Through my life most people have seen my mom's high expectations of me as harsh and overbearing. But I would say completely the opposite. Yes I've had a certain fear of my mom. But it's not a fear of physical punishment or withdrawal of love. My biggest fear was always that I would let my mom down. Now before you start psycoanalyzing me let me say that I never did. No matter what I did wrong my mom always let me know that she loved me and that she believed in me to do the right thing. When I did mess up, she told me what the right thing to do was and because of her faith in me I always knew I could do it. She always told me that doing the right thing was never easy or popular, but it was always worth it to have favor with God.

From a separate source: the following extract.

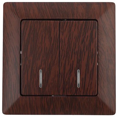 При подборе розеток, выключателей и других элементов для работы с электроэнергией учитывают не только электротехнические параметры, но и эстетику. Выключатель ЭРА Intro Solo 4-105-10 IP20 10А 250В венге двухклавишный с подсветкой (Б0053599) — одна из лучших моделей в своем классе по обоим критериям. Производитель Intro сделал ставку на простую надежную конструкцию и современные материалы, которые обладают высокой устойчивостью к износу. Продукция прошла строгую проверку на безопасность и рассчитана на многолетнюю эксплуатацию в интенсивном режиме. Как официальный дистрибьютор мы готовы поставить любое количество товаров в кратчайшие сроки.

My mom is my biggest fan. She has always believed more in me than I've ever believed in myself. When things got hard in my life and I felt like giving up she always let me know that I was not a quitter and that whatever it was that needed to be done, I could do. And I believed her. Any accomplishment in my life, I owe to my mom. I know her prayers for me are what got me through some of the hardest times in my life. She has made countless sacrifices to make sure that I could live the life she wanted me to.

So to you Mommy (yes I still call her mommy),
You were always right. No matter how smart I acted or how many facts I threw at you, you were always right. Your stand for what is right has been what has kept me going. I've met very few people that take such a stand against wrong as you do and I'm so thankful for your stand. I know that your constant faith in God is what has made me into the person I am today. All the times I've seen you pray for a miracle and recieve it, are why I have the faith in God that I do. Thank you for being a full time mom, even when you had to work. I've always known that your kids are your first priority. I love you so much. You are truly a woman after God's own heart. I love you!